Pennsylvania-born Stacks, who lives in the Washington suburb of Chevy Chase, Md., majored in political science at Yale ('64) and got his first journalistic exposure to national politics as a general assignment reporter for the Washington Star. By the 1968 campaign he had joined TIME, for which he covered the Democratic candidates through the election. In 1972, as Boston bureau chief, he followed the New England primaries, and in 1976 he was part of the Washington bureau team that trailed the Carter-Mondale campaign. After taking a leave from his correspondent's duties--first to help Watergate Judge John Sirica compose his memoirs, later to write as a member of TIME's New York staff--Stacks returned to the pursuit of politicians.
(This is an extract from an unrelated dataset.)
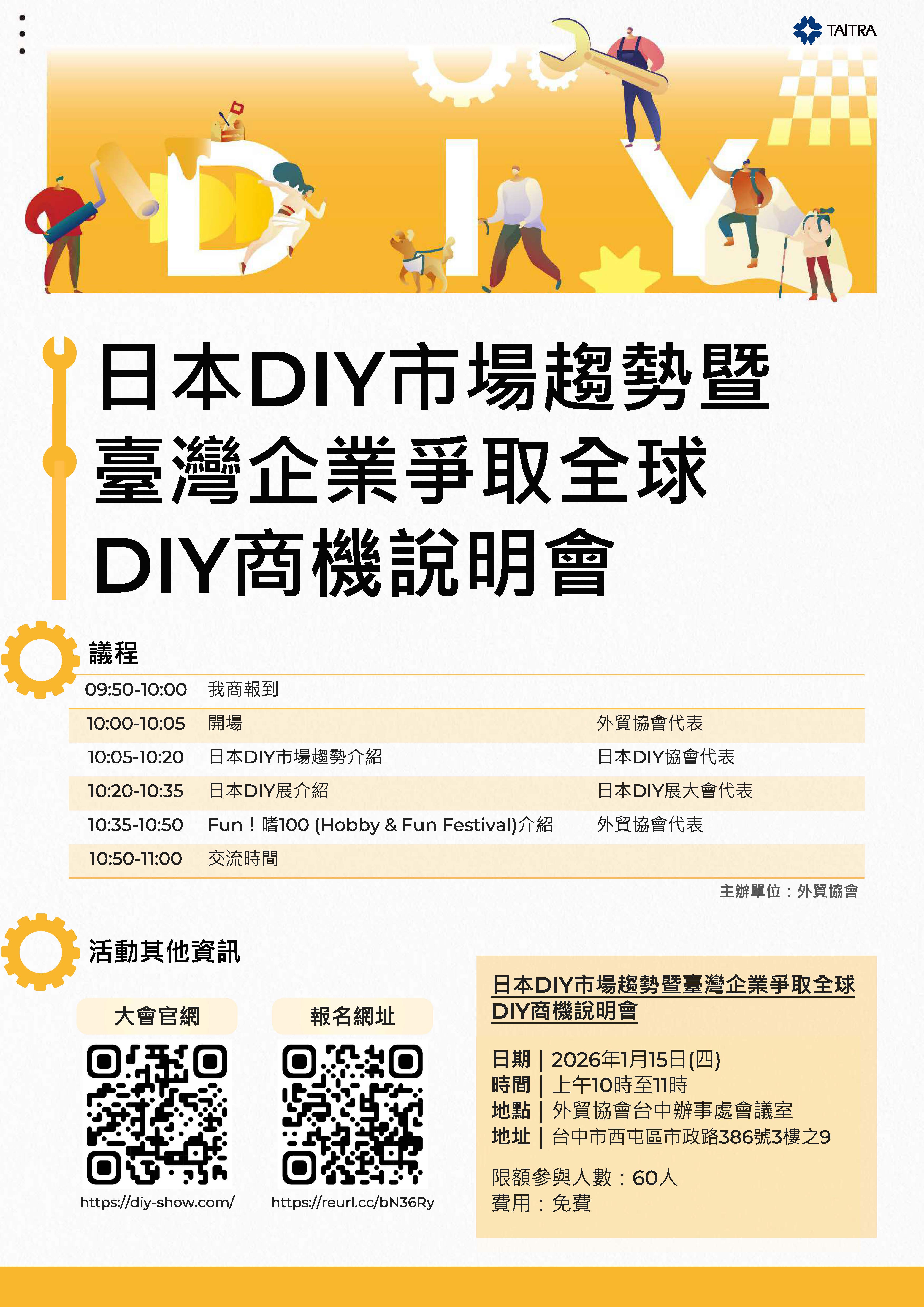 本說明會特別邀請日本DIY協會來台分享日本 DIY 市場最新趨勢,深入解析消費動向、通路發展與國際合作契機,協助臺灣企業掌握關鍵資訊、精準布局海外市場。協會產業代表將分享第一手市場觀察,並介紹日本最大 DIY 展會和您分享第一手資訊,拓展國際商機。 無論您是工具、建材、居家修繕、手作材料或生活風格相關產業,本說明會將是您開拓日本及全球 DIY 市場的最佳起點。名額有限,歡迎踴躍報名參加!
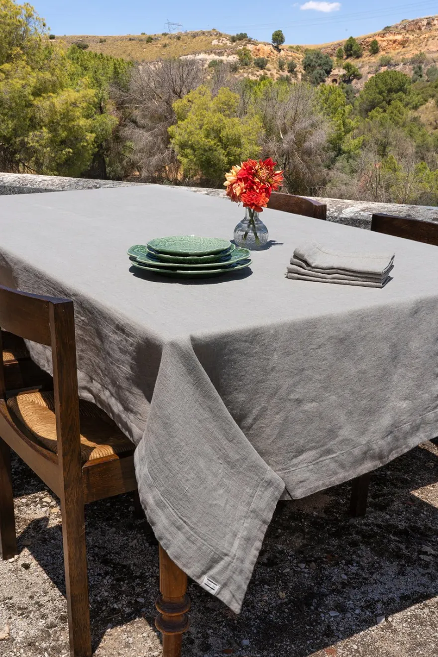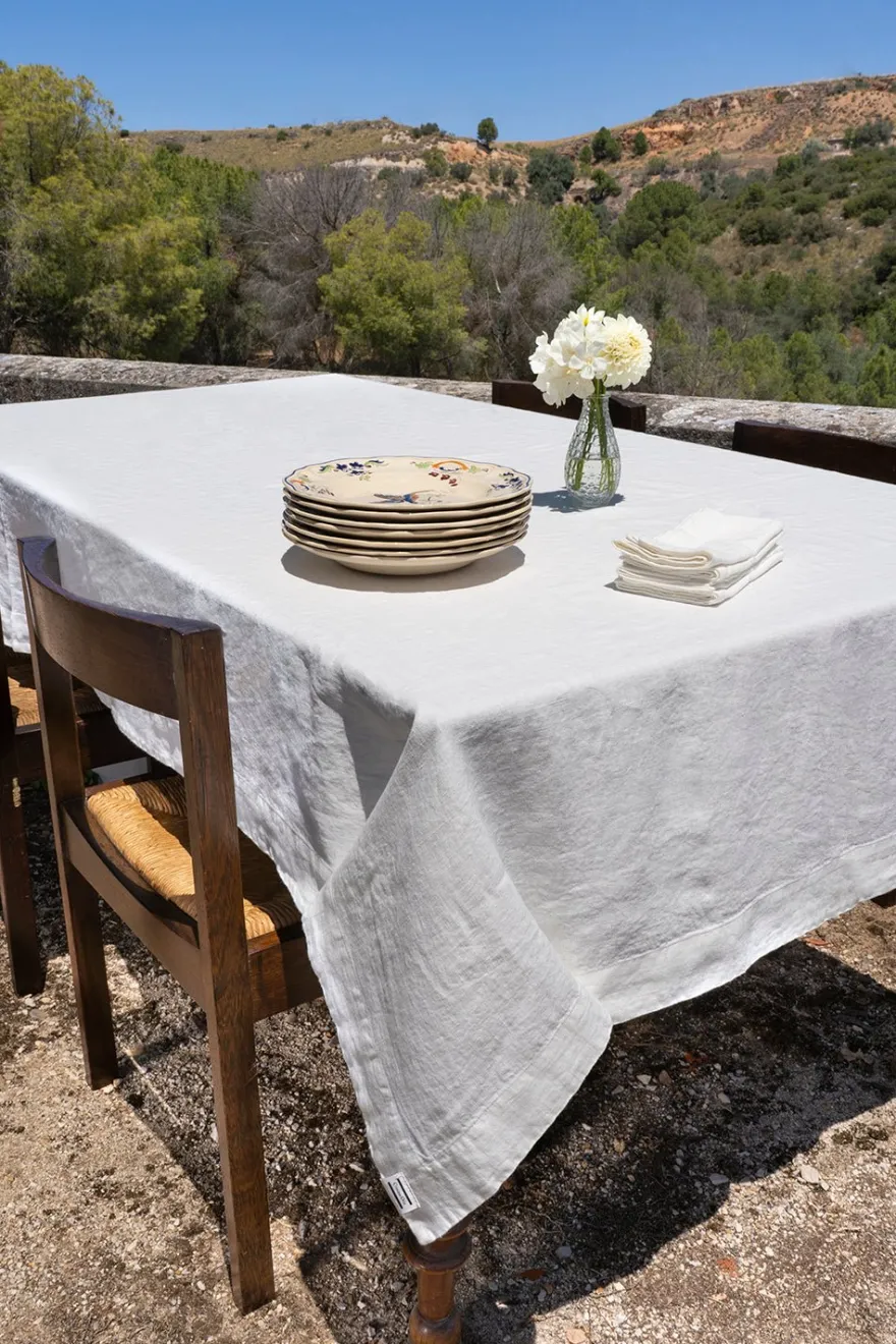 Mantel de lino hecho a mano, disponible en una amplia gama de colores, que le dará un aspecto fresco, elegante y lujoso a tu mesa. Se puede usar a diario o para una gran celebración.

This will keep Stacks airborne. Last week, when Reagan went to New York City to launch his presidential drive at a dinner in Manhattan, Stacks was unable to attend because of a previous engagement: he had flown to Des Moines for three days of watching George Bush beat the bushes in Iowa. Despite all the arduous travel involved, Stacks takes special pleasure in campaign reporting. "Politicians are sometimes silly, sometimes banal, frequently self-serving and occasionally absolutely unbearable," he says. "But they are just as often earnest, serious and creative in proposing solutions to the problems the nation faces. In an election year, there is no better assignment in journalism."